On 10/5/07, Richard Loosemore <[EMAIL PROTECTED]> wrote:
> Vladimir Nesov wrote:
> > On 10/5/07, Richard Loosemore <[EMAIL PROTECTED]> wrote:
> >> Mike Dougherty wrote:
> >>> On 10/4/07, Richard Loosemore <[EMAIL PROTECTED]> wrote:
> >>>> All understood.  Remember, though, that the original reason for talking
> >>>> about GoL was the question:  Can there ever be a scientific theory that
> >>>> predicts all the "interesting creatures" given only the rules?
> >>>>
> >>>> The question of getting something to recognize the existence of the
> >>>> patterns is a good testbed, for sure.
> >>> Given finite rules about a finite world with an en effectively
> >>> unlimited resource, it seems that every "interesting creature" exists
> >>> as the subset of all permutations minus the noise that isn't
> >>> interesting.  The problem is in a provable definition of interesting
> >>> (which was earlier defined for example as 'cyclic')  Also, who is
> >>> willing to invest unlimited resource to exhaustively search a "toy"
> >>> domain?  Even if there were parallels that might lead to formalisms
> >>> applicable in a larger context, we would probably divert those
> >>> resources to other tasks.  I'm not sure this is a bad idea.  Perhaps
> >>> our human attention span is a defense measure against wasting life's
> >>> resources on searches that promise fitness without delivering useful
> >>> results.
> >> I hear you, but let me quickly summarize the reason why I introduced GoL
> >> as an example.
> >>
> >> I wanted to use GoL as a nice-and-simple example of a system whose
> >> overall behavior (in this case, the existence of certain patterns that
> >> are "stable" or "interesting") seems impossible to predict from a
> >> knowledge of the rules.
> >
> > You do predict that behavior by simulating the model. What you
> > supposedly can't do is to find initial conditions that will lead to
> > required global behavior. But you actually can - for example by
> > enumerating possible initial conditions in a brute force way and
> > looking at what happens when you simulate it. It's just very
> > inefficient, and as a result you can't enumerate many initial
> > conditions which will lead to interesting global behavior. And
> > probably there are tricks to get better results, by restricting search
> > space. You propose a framework which will help in efficient
> > enumeration of low-level rules and estimation of high-level behavior,
> > and restrain possibilities to as close as possible to existing working
> > system - human mind. All along these same lines. Computational
> > mathematics deals with this kind of thing all the time.
> >
>
> Vladimir,
>
> You keep taking this example out of context!   You are making statements
> that are completely oblivious to the actual purpose that the GoL example
> serves in the paper:

Given that this purpose is what I'm trying to understand, being
non-oblivious to it at the same time would be strange indeed.

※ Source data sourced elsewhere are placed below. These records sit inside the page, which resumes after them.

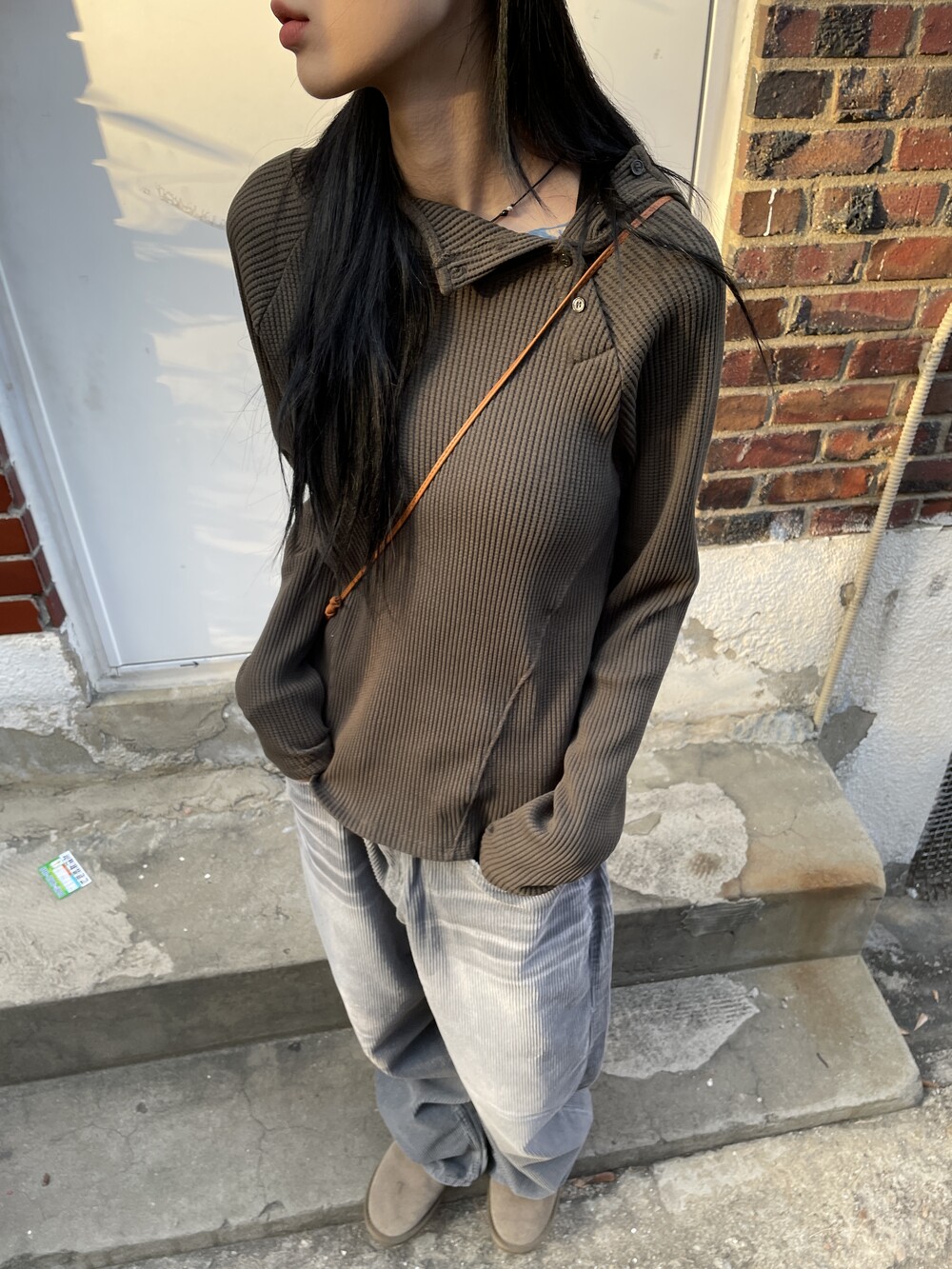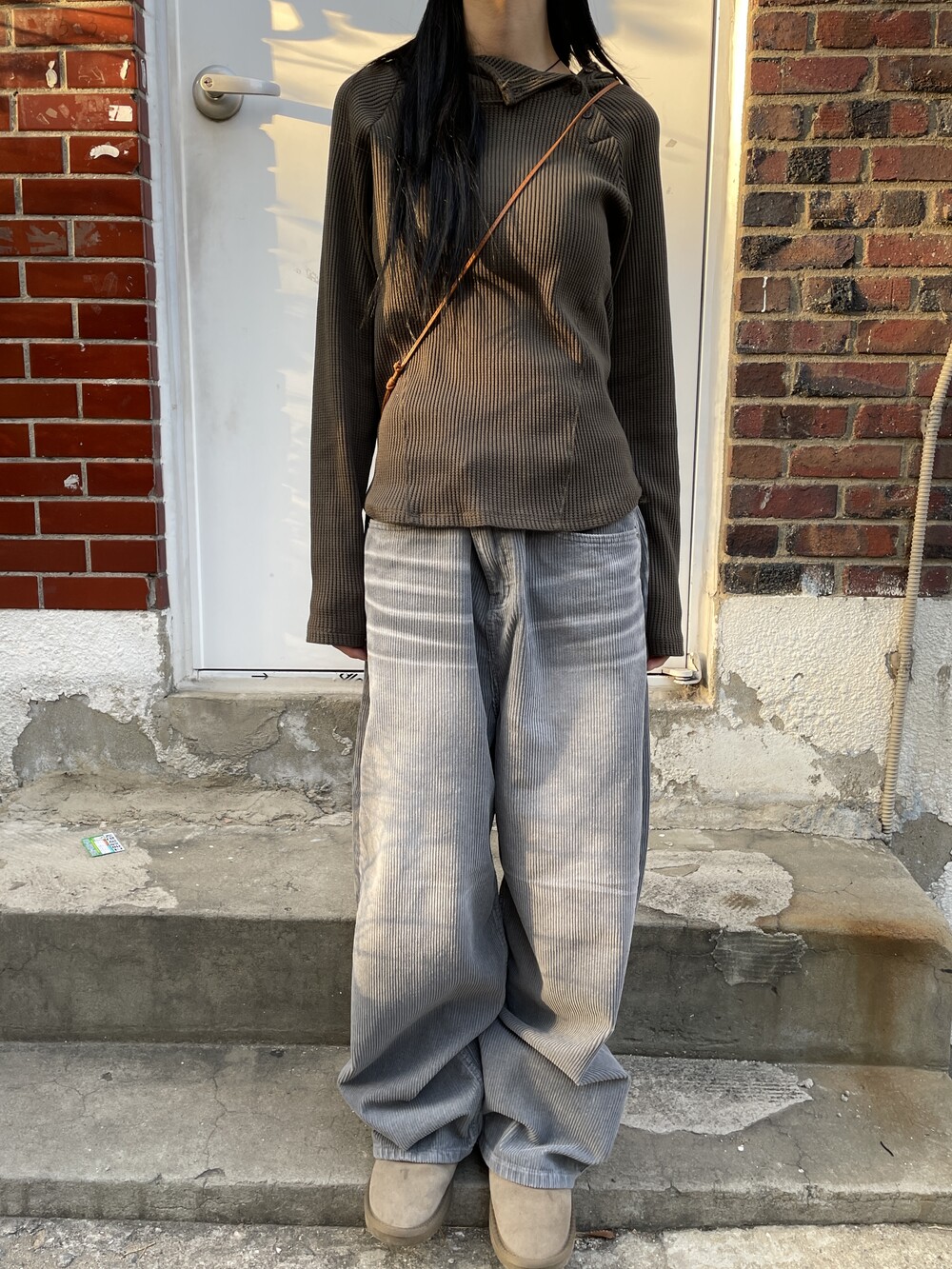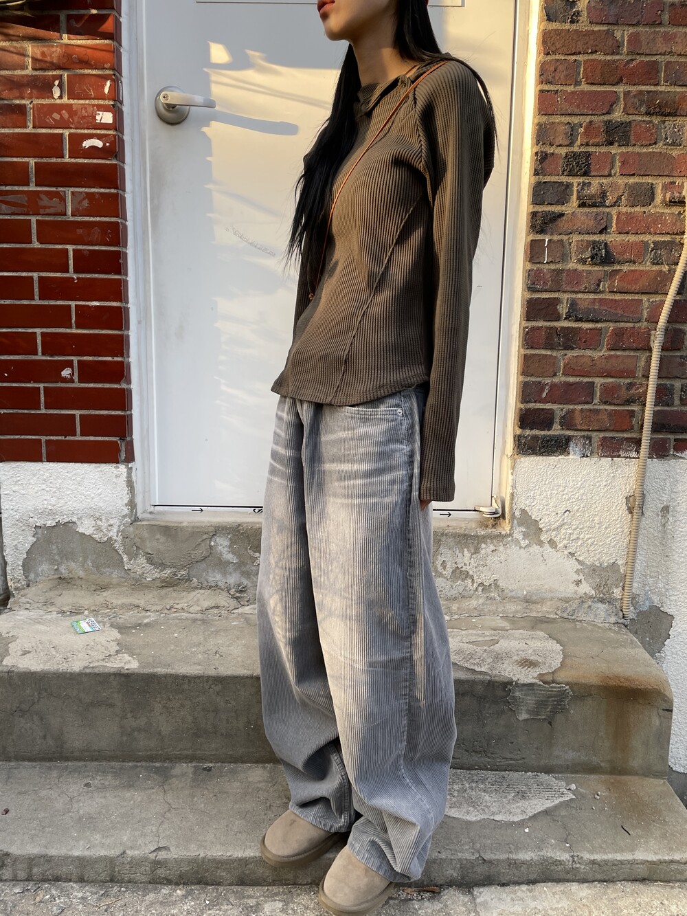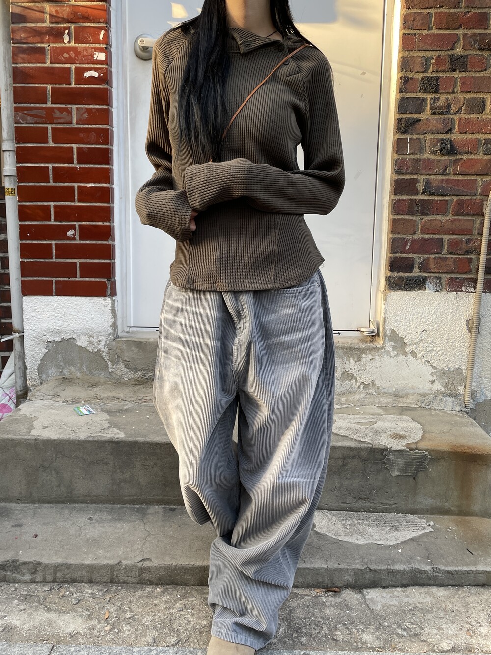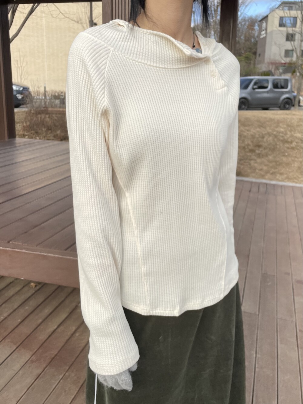 허리라인부터 밑단까지 내려오는 절개 디테일로 허리가 얇아보이는 시각적 효과를 주며, 와플소재감이 주는 특유의 빈티지한 무드로 코디의 완성도를 높여주는 제품입니다.
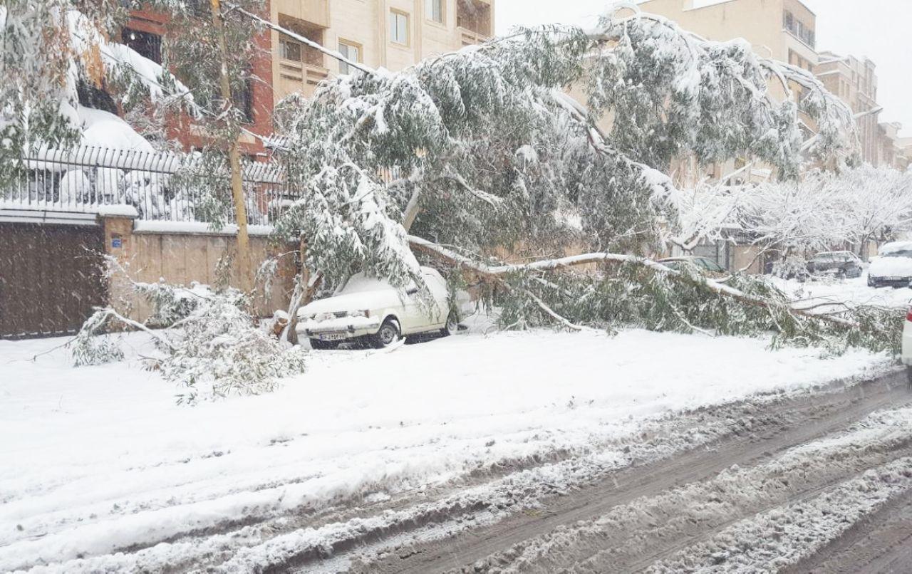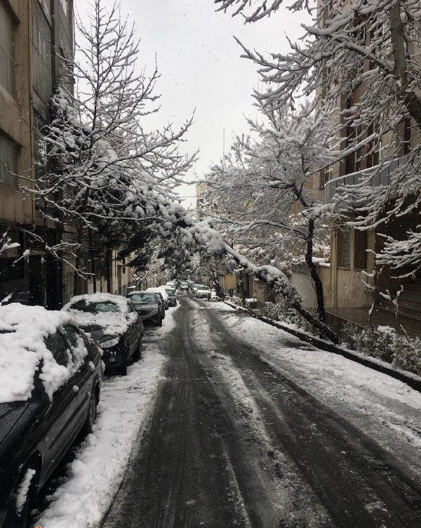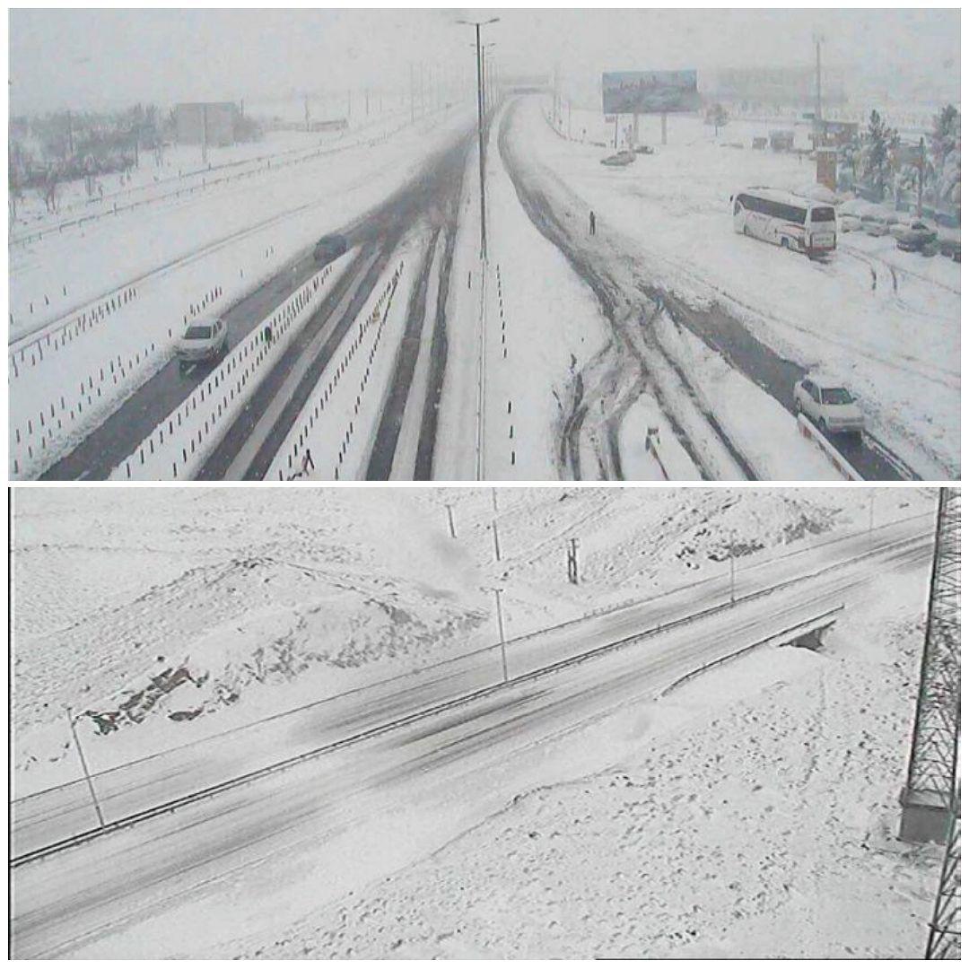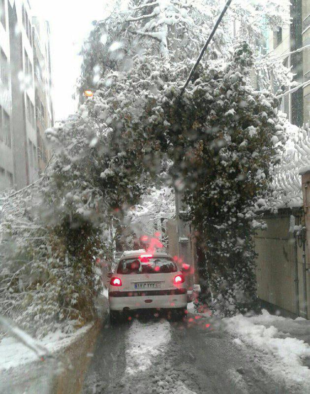 ايران-الكوثر: سقوط ثلوج كثيفة أدى لتغطية شوارع طهران ببياض الثلج و توقف الرحلات الجوية وسقوط أشجار وسط الطريق مما تسبب في بطء بالحركة المرورية.
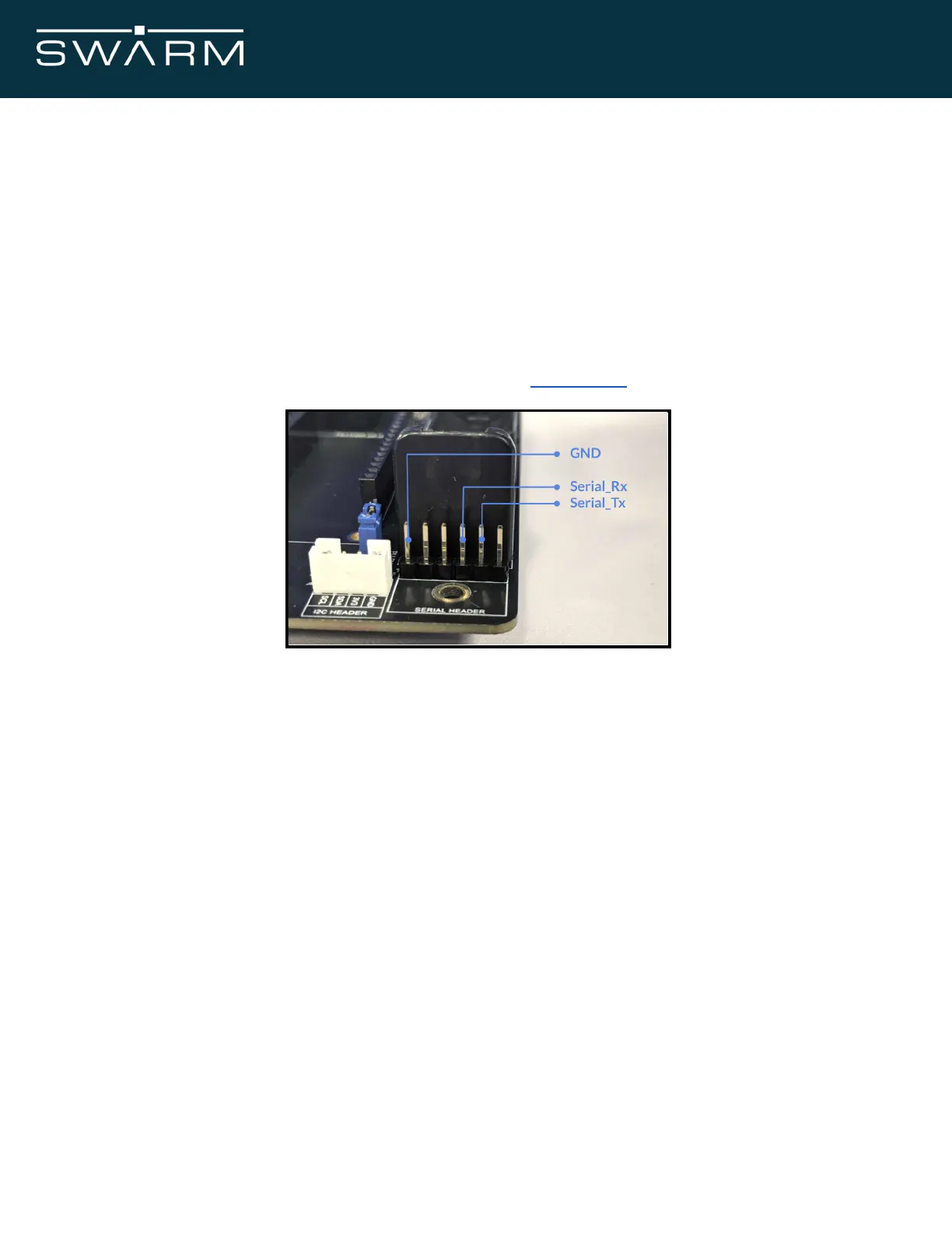 Figure 6: Example of a Serial Debug Header, shown on the Swarm Eval Board
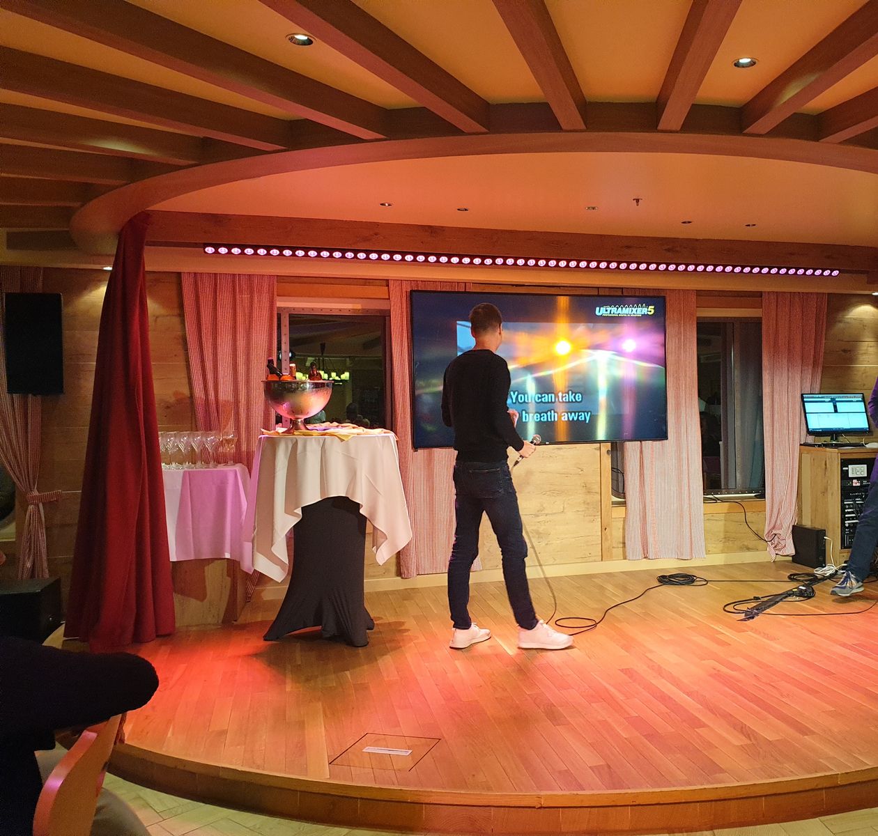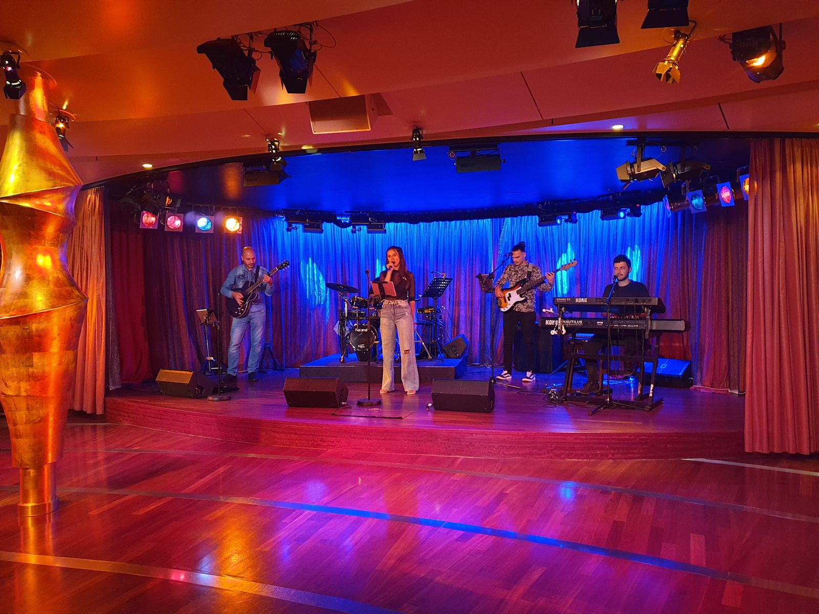 Das Theatrium leert sich nur leicht, denn heute Abend singt sie für uns: Terri Green. Was ich echt toll finde, sie ist so herrlich natürlich und weil das Schiff leicht schaukelt, zieht sie erst mal ihre Schuhe aus und dann bekomme ich Gänsehaut, als sie anfängt zu singen.

> everything you say above is COMPLETELY impractical
> if it is generalized to systems more complex than GoL.

I disagree. It's not specific enough to be of practical use in itself,
but it's general enough to be a correct statement about practically
useful methods. Please don't misunderstand my intention: I find your
way of presenting technical content rather obscure, so I'm trying to
construct descriptions that apply to what you're describing, starting
from simple ones and if necessary adding details. So if they are
overly general, it's OK, but if they are wrong, please point out why.

> In short, your statements are complete non-sequiteurs.

They can be inadequate for purposes of discussion as you perceive it,
yes, but it in itself doesn't make them non-sequiturs. To assert
otherwise you need to point to specific details.

> This is about the fourth or fifth time that you have taken the thing out
> of context and then dismissed the whole thing with a comment like
> "Computational mathematics deals with this kind of thing all the time."

It's not dismissal, it's specific statement about typicality of
approach I described. Which can happen to be an inadequate description
of what you do, but such statement in itself remains correct for what
it's applied to.

-- 
Vladimir Nesov                            mailto:[EMAIL PROTECTED]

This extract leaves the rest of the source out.